A 18 ans, Philippe s'était installé à Paris pour étudier la finance à la Sorbonne. C'est à ce moment là qu'il avait commencé à boire avec des amis, avant de se découvrit une affection particulière pour le whisky. Au début, cela le rendait sympathique et sophistiqué puis il avait pris l'habitude d'en ajouter dès le matin dans son café ; il justifiait cette habitude en la faisant passer pour une coutume irlandaise.

Lors de sa dernière année à l'université, il avait restreint le nombre de ses conquêtes et avait commencé à fréquenter Edith de manière régulière.

Tous les mois, il retournait au pays basque et rendait parfois visite à son frère Emile installé à Dax. Ce dernier avait étudié à Bordeaux et avait eu 2 enfants avec une jeune femme originaire de la région. La vie de son jeune frère lui rappelait son échec et lui procurait un lourd sentiment d'ennui ; il le considérait « comme un être sérieusement ennuyeux ».

Avant de reprendre son train pour la capitale, il avait l'habitude de passer par l'arène dans laquelle son père travaillait. Ce lieu lui apportait du réconfort ; « au sein de cette arène tout devenait possible, rien n'était plus prévisible » disait-il. A ceux qui rétorquaient que la corrida était un spectacle barbare et sadique, il répliquait d'un ton provocateur que les bons sentiments, la vertu et la morale lui faisaient horreur et qu'il préférait « de très loin le sadisme à l'hypocrisie ».

Il avait en effet une profonde aversion pour toute forme d'idéologie. En 1942, alors qu'il jouait avec des camarades de l'école, il assista à l'exécution par les nazis d'une famille de Justes accusés d'avoir caché des enfants juifs. Cet événement marqua durablement son imaginaire ainsi que le début de ses insomnies chroniques.

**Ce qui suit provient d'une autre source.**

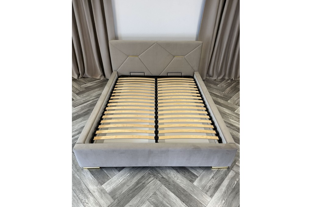 Łóżko standardowo wyposażone zostało w metalowy stelaż z siłownikami gazowymi 1000N oraz duży pojemnik na pościel pod całą powierzchnią spania. Korpus stoi na metalowych nóżkach. Szkielet łóżka został stworzony z drewna oraz płyty meblowej.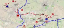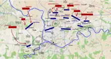 Morlot then attacked on Quosdanovich's front as well as on his right flank via Thumeon. The fighting continued until Morlot's right was uncovered by Grenier's withdrawal from Chassart to Saint-Fiacre. This, coupled with a successful counterattack by Quosdanovich against Morlot's flanking force at Thumeon, forced the French general to withdraw to the south bank of the stream running through Pont-a-Migneloup.[32]

Après son divorce, Edith s'était installée dans la région de Dijon avec sa fille ; elle s'opposait obstinément à ce que Philippe voie Sara. Il avait cependant réussi à négocier de la voir chaque année pour son anniversaire. Dans une volonté de dissiper son malheur, il travaillait dans la finance plus de 70h par semaine et fréquentait beaucoup de femmes.

Le samedi 22 mai 1971 au matin (jour de la Saint-Emile), après 10 ans de procédure judiciaire, Philippe reçut un courrier du tribunal de Paris à son domicile : « Au vu du mode de vie décadent de Philippe Deanard, ce dernier sera autorisé à voir sa fille, Sara Deanard, 1 fois par mois et en présence Mme Edith Disis ».

Ce matin là, il ne prit qu'un café noir ; exceptionnellement, il avait besoin de se sentir sobre. Il contacta son avocat, désigna sa fille Sara et une association française de Justes comme héritiers et prit dans l'après midi un aller simple pour Espelette. Il se tua d'un coup de fusil, comme Hemingway l'avait fait 10 ans plus tôt. Une lettre fut découverte dans ses affaires : « Merci de répandre mes cendres ici, dans cette arène, afin que je reste en mouvement pour l'éternité. Pas d'épitaphe ».